Action item: For the entries below, the expected answer is the line with "Des malentendants, des", the line with "RING SILVER 14K", and every line between them, exactly as written, and nothing more.
Segment Start: Dataset records
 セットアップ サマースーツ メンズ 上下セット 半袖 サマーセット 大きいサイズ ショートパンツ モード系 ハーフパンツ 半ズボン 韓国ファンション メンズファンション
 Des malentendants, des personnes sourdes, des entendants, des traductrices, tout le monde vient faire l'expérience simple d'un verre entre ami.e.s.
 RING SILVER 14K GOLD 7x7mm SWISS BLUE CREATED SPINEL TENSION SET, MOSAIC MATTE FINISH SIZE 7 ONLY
Segment End: Dataset records
Segment Start: Dataset records
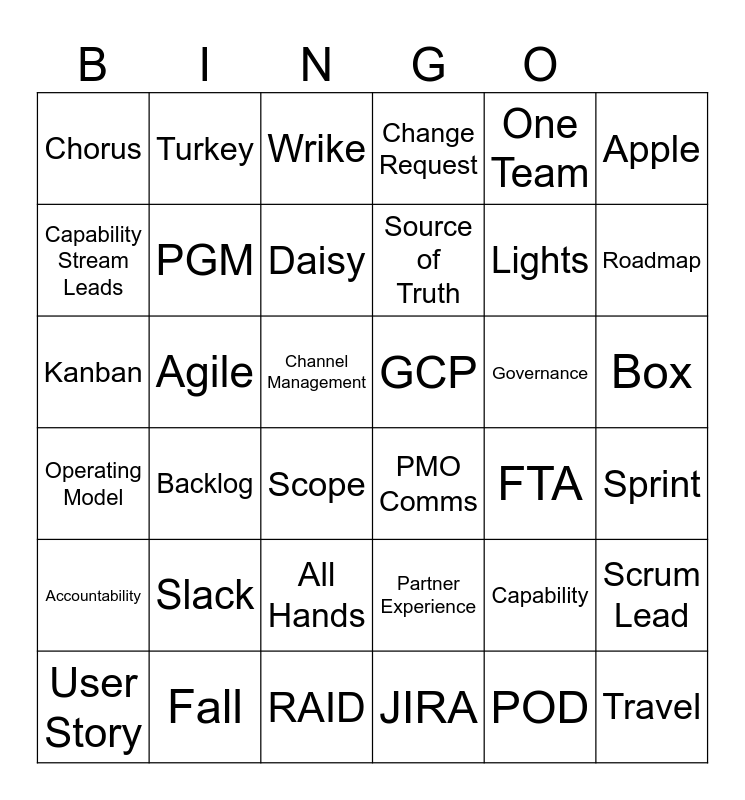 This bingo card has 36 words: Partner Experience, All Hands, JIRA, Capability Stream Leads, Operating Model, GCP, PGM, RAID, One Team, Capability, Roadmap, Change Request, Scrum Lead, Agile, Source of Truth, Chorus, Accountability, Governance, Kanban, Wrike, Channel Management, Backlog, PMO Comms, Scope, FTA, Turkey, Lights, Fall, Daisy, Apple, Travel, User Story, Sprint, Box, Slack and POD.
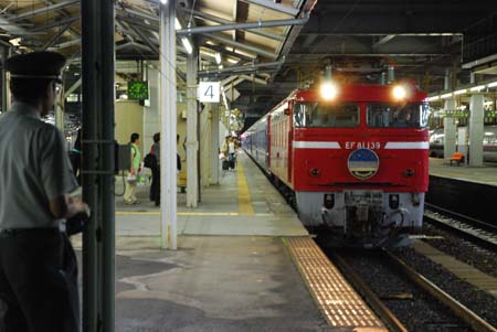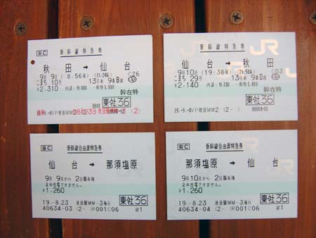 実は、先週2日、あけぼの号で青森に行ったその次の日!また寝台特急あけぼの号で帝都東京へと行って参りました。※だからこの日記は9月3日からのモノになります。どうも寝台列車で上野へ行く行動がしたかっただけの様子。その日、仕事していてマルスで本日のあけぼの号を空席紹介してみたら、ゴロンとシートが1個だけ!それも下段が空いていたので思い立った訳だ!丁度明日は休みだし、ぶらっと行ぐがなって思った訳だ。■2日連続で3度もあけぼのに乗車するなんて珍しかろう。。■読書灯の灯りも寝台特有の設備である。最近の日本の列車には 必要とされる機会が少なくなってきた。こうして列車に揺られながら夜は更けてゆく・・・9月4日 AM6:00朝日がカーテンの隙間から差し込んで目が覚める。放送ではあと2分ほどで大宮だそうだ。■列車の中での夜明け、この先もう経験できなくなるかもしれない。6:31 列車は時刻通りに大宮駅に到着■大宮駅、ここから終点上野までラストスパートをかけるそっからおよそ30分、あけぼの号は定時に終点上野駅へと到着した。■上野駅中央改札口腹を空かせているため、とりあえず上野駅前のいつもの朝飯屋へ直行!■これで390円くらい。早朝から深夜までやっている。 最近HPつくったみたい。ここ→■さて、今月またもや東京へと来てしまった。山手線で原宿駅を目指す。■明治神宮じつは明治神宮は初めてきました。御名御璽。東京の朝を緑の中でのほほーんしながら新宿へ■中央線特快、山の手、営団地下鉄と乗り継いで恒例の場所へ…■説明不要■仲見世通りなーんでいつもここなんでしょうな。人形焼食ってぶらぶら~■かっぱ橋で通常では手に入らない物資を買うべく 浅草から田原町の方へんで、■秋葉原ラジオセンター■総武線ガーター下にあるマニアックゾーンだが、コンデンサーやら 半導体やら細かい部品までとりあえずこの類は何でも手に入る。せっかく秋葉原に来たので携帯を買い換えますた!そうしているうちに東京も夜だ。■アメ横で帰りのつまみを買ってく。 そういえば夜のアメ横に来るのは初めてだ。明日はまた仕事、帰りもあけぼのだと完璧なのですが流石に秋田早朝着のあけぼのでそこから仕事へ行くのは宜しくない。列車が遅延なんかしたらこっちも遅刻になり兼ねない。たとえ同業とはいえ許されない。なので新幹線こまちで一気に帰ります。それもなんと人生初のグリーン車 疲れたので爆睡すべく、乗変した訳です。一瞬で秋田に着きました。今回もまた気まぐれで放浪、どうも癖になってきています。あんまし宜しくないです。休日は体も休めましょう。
Segment End: Dataset records
Result of the exercise:
 Des malentendants, des personnes sourdes, des entendants, des traductrices, tout le monde vient faire l'expérience simple d'un verre entre ami.e.s.
 RING SILVER 14K GOLD 7x7mm SWISS BLUE CREATED SPINEL TENSION SET, MOSAIC MATTE FINISH SIZE 7 ONLY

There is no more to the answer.